[142] By a play upon his name,—“Dracus,” or “Draco.” See the curious coincidence of “Caput Draconis,” mentioned in a later note.

[143] Cortes was never “silent upon a peak in Darien,” except in Keats’s poem.

[144] The World Encompased.

[145] [It is to be observed, however, that the Portuguese, who had made their way to the Moluccas by the Cape of Good Hope in 1512,—a year before Balboa disclosed the great sea to the Spaniards,—claim that in the very year (1520) when Magellan was finding a passage by the straits, and Cortes was exploring the Gulf of Mexico in the vain endeavor to find another, their ships from the Moluccas crossed the ocean eastward and struck the coast of California. It is also represented that the expedition conducted by Cabrillo, a Portuguese in the King of Spain’s service, went up to 44° in 1542-43. This phase of the subject is more particularly examined in Vol. II.—Ed.]

[146] It should be remembered that all these dates are of old style, and correspond to dates ten days later now.

[147] [It is a question how far north Drake went. Up to the middle of the last century, the writers, except Davis in his World’s Hydrographical Discovery, and perhaps Sir William Monson, had fixed his northing at 43°,—these two exceptions placing it at 48°, and this last opinion has been followed by Burney, Barrow, and the writer of the Life of Drake in the 1750 edition of the Biographia Britannica. Greenhow, Oregon and California, 2d edition, p. 74, doubts the later view. Drake’s aim was to find the westerly end of what was for a long time the conjectural Straits of Anian, or the northern passage to the Atlantic, which, ever since Cortereal, in 1500, had found what he supposed the easterly end of such a passage in Hudson’s Straits, had been a dream of navigators and geographers. An examination of the unstable views which were held regarding the shape and inlets of the western coast of North America, from the time of Cortes’ first expedition north, belongs to another volume of this work.

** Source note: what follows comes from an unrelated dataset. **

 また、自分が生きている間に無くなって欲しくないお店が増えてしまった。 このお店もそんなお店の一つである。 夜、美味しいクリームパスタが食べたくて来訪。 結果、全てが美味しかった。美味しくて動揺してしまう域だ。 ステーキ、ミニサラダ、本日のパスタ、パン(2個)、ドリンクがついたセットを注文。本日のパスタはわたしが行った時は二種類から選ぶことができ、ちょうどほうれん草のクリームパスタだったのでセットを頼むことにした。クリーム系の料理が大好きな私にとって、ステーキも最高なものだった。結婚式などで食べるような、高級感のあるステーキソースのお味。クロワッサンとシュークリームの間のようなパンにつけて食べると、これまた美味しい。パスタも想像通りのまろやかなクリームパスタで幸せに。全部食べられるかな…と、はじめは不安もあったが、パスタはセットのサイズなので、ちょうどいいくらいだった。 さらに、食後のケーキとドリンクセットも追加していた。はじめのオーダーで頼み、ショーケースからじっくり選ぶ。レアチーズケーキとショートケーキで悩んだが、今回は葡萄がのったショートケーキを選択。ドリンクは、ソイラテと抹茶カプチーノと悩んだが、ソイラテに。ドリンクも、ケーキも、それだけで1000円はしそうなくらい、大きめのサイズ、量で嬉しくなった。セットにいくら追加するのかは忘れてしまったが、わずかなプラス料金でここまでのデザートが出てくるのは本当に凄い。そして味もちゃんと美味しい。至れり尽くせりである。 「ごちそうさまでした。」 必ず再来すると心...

A notion of the continuity of Asia and America, which was temporarily dispelled by Balboa’s discovery of the Pacific in 1513, was revived twenty years later by a certain school of geographers, and continued to be held by some for thirty or forty years. Before Drake’s time it had given place to views which more distinctly prefigured the Straits of Behring, not yet to be determined for a hundred and fifty years. The earlier conjectural propinquity of America and Asia at the north—as shown in the maps of Münster, Mercator, and others—was giving place to a more minute configuration, as shown in the maps of Zaltieri and Furlano, of which outlines are given in the text, indicating the kind of view which was prevailing regarding this northern part of the Pacific, which Drake was baffled in his attempt to explore. It is curious to observe, moreover, that Mercator in his map in zones, dated 1541, marks the region later to be called New Albion as having the star Caput Draconis in the zenith,—almost in strange anticipation of its being the spot where the English “dragon” was first to contest Spanish supremacy on the North American continent. Spain had as yet had no sharer of this northern new world.—Ed.]

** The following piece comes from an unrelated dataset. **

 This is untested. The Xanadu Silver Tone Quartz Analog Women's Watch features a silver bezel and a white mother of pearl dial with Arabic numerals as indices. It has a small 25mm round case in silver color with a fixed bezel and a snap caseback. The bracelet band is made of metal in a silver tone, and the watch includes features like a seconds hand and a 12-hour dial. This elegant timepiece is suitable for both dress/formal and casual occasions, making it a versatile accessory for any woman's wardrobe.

[148] In the narrative in Hakluyt tobàh is always called tobacco. But Fletcher and Drake’s nephew in The World Encompassed call it tobàh or tabàh; and they knew tobacco and its name perfectly well. They speak of it as an herb new to them. There is no evidence that the natives smoked tobàh.

[149] Alarcon’s account is in these words. He speaks of the winter houses of which Nargarchato informed him. “He told me that these houses were of wood covered with earth on the outside, and plastered with clay within; that they were in form of a round room.” The reader should remember that Fletcher alludes to the architectural device, still to be seen in old New England churches, where the roof rises on all sides to a spire in the middle.

[150] The fondness for feathers is observed by later voyagers; cf. La Perouse.

[151] So in Shelvocke’s journal of his voyage in 1719. “The soil about Puerto Seguro, and very likely in most of the valleys, is a rich black mould, which, as you turn it up fresh to the sun, appears as if intermixed with gold and dust.”